At BPTN – Black Professionals in Tech Network we’re pushing the future of tech forward by creating a space for Black professionals in tech to gather, grow and evolve – all while being a conduit for companies to engage this talent across North America.
We’re here to help Black professionals network, connect with one another, share resources and grow their careers. Our rapidly growing network counts over 50,000 Black professionals. We provide our members with access to mentorship, skill-building opportunities, and a strong peer network to support professional growth and advancement.

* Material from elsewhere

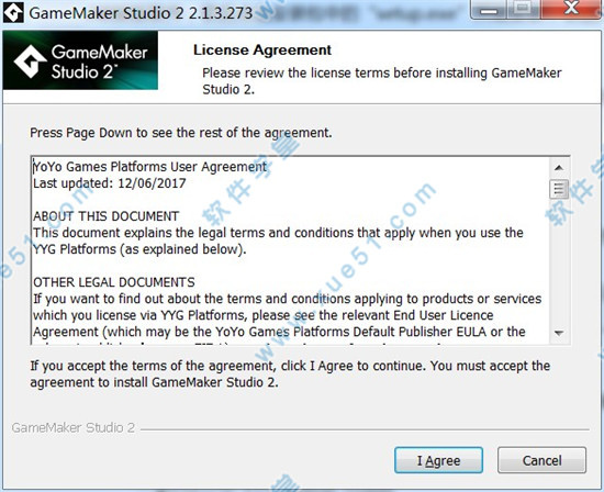 1、到本站下载gamemaker studio 2破解版软件,软后点击安装包中的“setup.exe”开始安装,会进入安装界面,我们点击下一步按钮i agree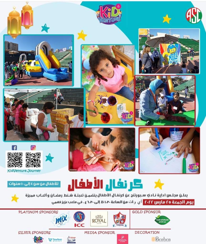 يعلن مجلس إدارة النادي عن كرنفال للأطفال بملعب عزيز فهمي يوم الجمعة ٢٥ مارس من الساعة ١.٣٠ ظ وحتى الساعة ٦.٣٠ م للأطفال من ٤ وحتى ١٠ سنوات

Our client is looking for a Data Engineer who will generate value by transforming raw data from a complex array of source systems into user-friendly data assets which will be used by the company’s team of data scientists and insights analysts. You will develop, test, deploy, and maintain software to create complete and accurate data, using a variety of big data platforms, languages and tools, including Hadoop, Spark, Scala, Git and Maven. You will collaborate with a highly talented team of data engineers, data scientists, data architects, and data analysts in order to deliver business value to the organization. You will develop recommendations for new ways to improve data quality throughout the data transformation lifecycle.

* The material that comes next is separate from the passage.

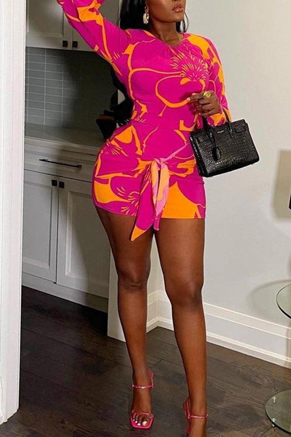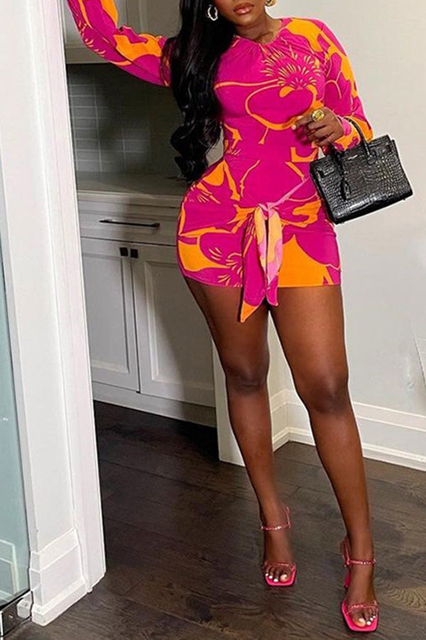 New Lantern Sleeve Digital Printing High Waist Belt Hip Cover Dress

- Develop, test, and deploy software to generate data assets for use by downstream insight analysts and data scientists
- Work with big data and cloud technologies such as Spark, Hadoop, Hive, S3, EMR, EC2, Lambda, and Kafka
- Work closely with stakeholders to ensure successful data asset design and development
- Join data across multiple data environments, such as HDFS and Data Warehouses, using complex queries
- Use Scala, Spark, GitHub, Maven, Jenkins and Airflow to develop and deploy automated data-producing software packages
- Create software artifacts and patterns for reuse within the enterprise
- Ensure ETL pipelines are produced with the highest quality standards and validated for completeness and accuracy
- Work on a cross-functional Agile team responsible for end-to-end delivery of business needs
- Help develop new solutions for batch and real-time data and analytics use cases
- Help improve data management processes – acquiring, transforming and storing massive volumes of structured and unstructured data
- Work closely with development teams to learn about needs, current processes and to promote best practices.

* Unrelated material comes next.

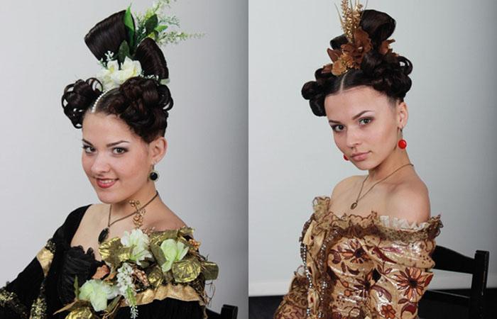 Прическа требовала большой длины, густоты собственной шевелюры. Тот, кто не мог похвастаться шикарными природными данными использовал накладные косы и пряди.

- Bachelors in Computer Science, Software Engineering, Mathematics, or other STEM majors. Masters/PhD considered an asset.
- Professional software development experience with Scala, Spark, Hadoop, Java, Linux, and SQL
- 3+ years of experience in the big data ecosystem, with Hadoop (Pig, Hive, HDFS), Apache Spark, and NoSQL/SQL databases
- Experience using Git and Maven while collaborating on a software development team
- Experience using ETL big data pipelines (Apache Airflow), knowledge of CI workflows and build/test automation
Nice to Have
- Experience with other analytics programming languages (Python and R)
- Experience with other data analytics and visualization tools such as Tableau
- Experience with Agile software development
- Experience with DevOps concerns, including CI/CD
- Toronto, ON